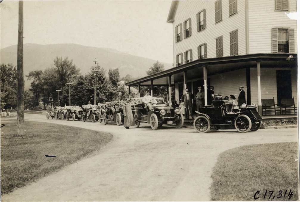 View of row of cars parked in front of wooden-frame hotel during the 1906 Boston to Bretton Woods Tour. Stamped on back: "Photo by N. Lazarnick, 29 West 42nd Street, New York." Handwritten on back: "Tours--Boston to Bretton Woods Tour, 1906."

____________________

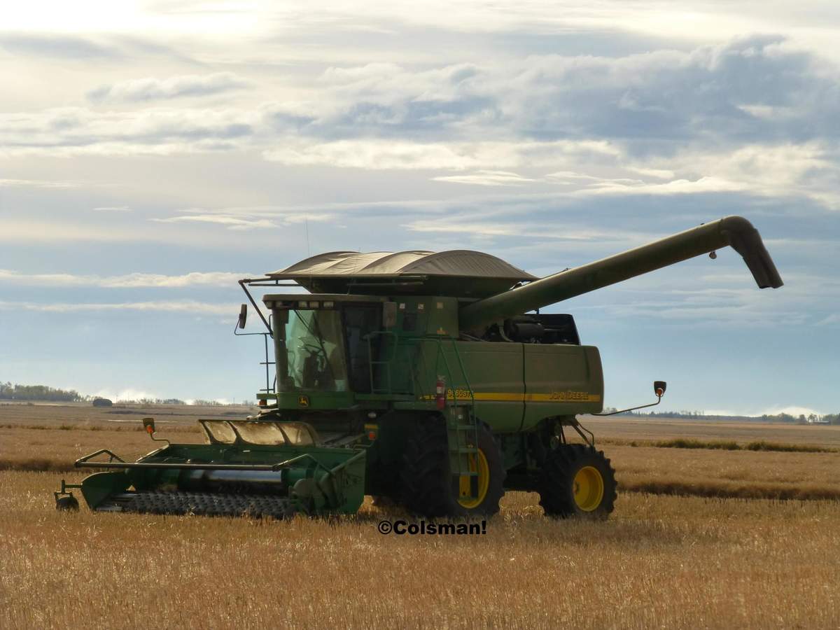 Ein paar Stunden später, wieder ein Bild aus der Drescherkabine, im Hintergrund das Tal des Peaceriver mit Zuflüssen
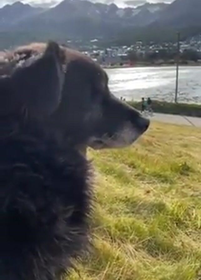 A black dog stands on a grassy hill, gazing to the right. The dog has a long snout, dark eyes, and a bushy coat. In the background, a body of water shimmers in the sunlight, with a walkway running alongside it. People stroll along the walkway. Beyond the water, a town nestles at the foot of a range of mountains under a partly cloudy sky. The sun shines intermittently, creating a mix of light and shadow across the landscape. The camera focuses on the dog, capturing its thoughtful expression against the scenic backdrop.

____________________

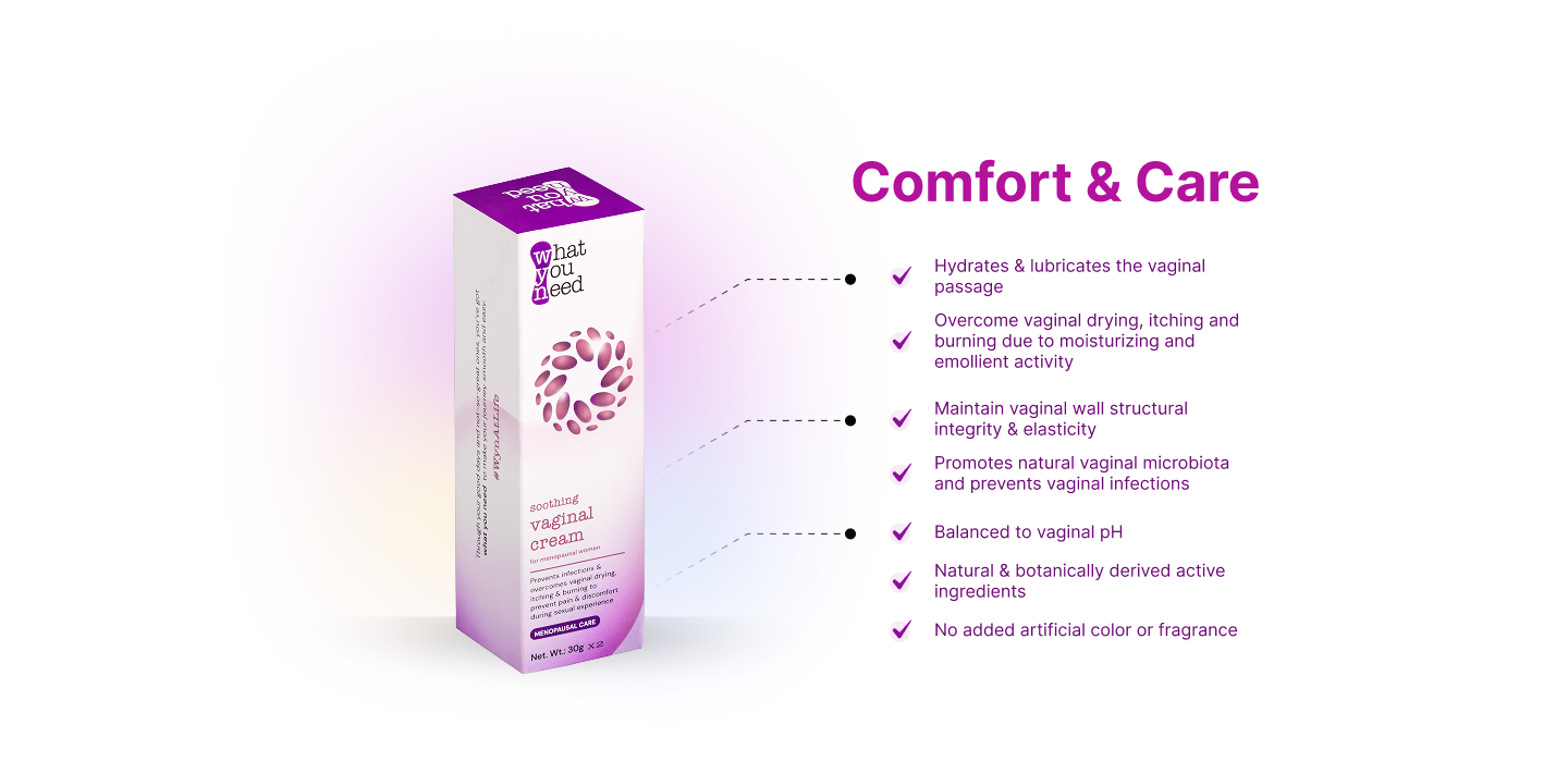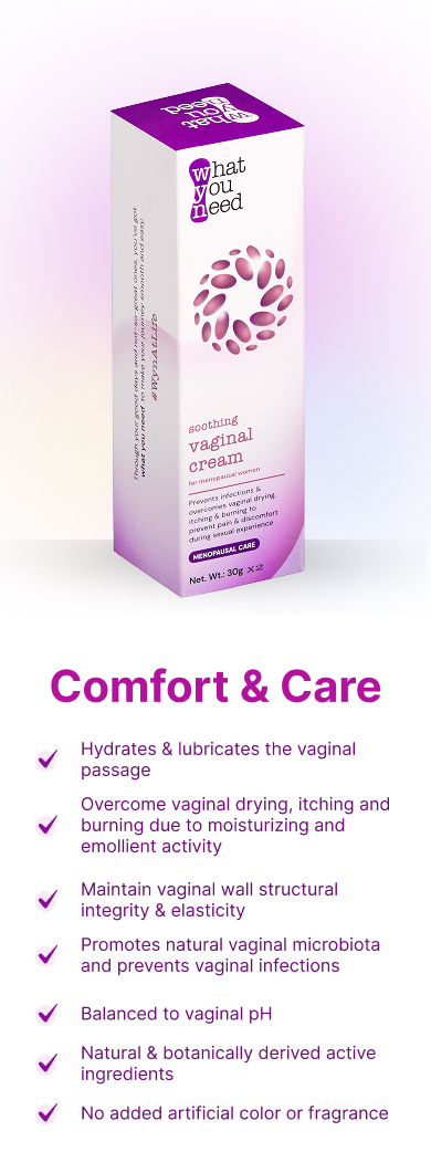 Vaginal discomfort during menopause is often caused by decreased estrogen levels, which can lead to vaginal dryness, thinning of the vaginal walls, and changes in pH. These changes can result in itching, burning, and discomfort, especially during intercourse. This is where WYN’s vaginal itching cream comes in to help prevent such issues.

____________________

Would you copy, word for word, only the lines above from the one containing "Ein paar Stunden" through the one containing "A black dog", both included, and please leave out the pictures?

● **EXERCISE OUTPUT**
 Ein paar Stunden später, wieder ein Bild aus der Drescherkabine, im Hintergrund das Tal des Peaceriver mit Zuflüssen
 A black dog stands on a grassy hill, gazing to the right. The dog has a long snout, dark eyes, and a bushy coat. In the background, a body of water shimmers in the sunlight, with a walkway running alongside it. People stroll along the walkway. Beyond the water, a town nestles at the foot of a range of mountains under a partly cloudy sky. The sun shines intermittently, creating a mix of light and shadow across the landscape. The camera focuses on the dog, capturing its thoughtful expression against the scenic backdrop.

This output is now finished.